Please return the lines of the data that contain "inside".
───── THE DATA
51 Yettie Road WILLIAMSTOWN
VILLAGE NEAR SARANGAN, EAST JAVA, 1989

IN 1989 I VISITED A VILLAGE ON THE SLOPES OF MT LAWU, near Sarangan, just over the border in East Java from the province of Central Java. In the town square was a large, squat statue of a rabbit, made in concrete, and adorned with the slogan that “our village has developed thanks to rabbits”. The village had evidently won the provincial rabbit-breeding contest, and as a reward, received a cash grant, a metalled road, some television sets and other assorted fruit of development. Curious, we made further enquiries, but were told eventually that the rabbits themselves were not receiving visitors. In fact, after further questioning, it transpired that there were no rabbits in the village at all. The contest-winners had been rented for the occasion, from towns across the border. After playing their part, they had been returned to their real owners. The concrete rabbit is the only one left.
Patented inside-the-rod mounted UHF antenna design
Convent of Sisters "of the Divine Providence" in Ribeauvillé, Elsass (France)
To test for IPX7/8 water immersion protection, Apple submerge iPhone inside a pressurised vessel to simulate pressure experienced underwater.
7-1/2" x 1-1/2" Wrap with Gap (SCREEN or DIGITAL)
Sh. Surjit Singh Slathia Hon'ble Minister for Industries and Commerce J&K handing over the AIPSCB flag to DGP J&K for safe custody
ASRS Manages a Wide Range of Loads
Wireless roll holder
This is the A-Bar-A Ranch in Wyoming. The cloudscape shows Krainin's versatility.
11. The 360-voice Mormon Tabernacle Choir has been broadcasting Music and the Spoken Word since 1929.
──────────
───── THE DATA
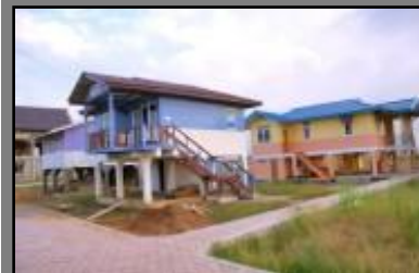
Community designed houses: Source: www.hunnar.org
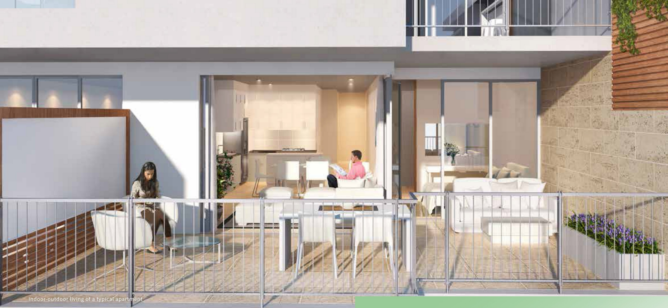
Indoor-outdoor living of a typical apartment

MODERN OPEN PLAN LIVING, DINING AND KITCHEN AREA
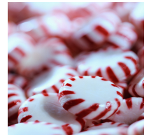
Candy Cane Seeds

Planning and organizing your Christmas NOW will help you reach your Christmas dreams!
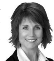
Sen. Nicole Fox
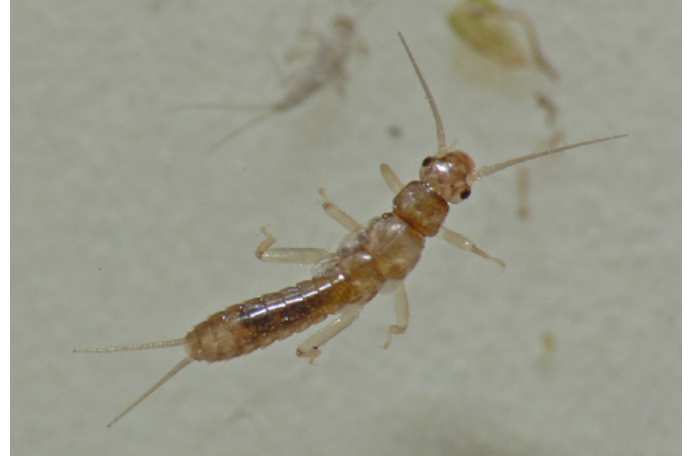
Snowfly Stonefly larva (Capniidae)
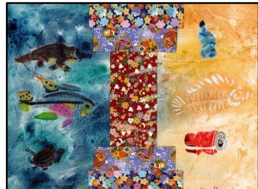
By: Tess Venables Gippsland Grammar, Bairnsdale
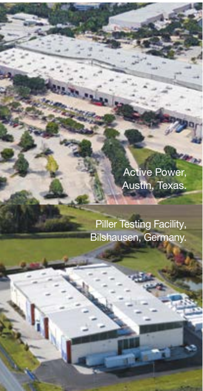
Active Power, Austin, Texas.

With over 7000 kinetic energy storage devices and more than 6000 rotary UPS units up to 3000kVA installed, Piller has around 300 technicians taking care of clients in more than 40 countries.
──────────
#### REPLY:
Patented inside-the-rod mounted UHF antenna design
To test for IPX7/8 water immersion protection, Apple submerge iPhone inside a pressurised vessel to simulate pressure experienced underwater.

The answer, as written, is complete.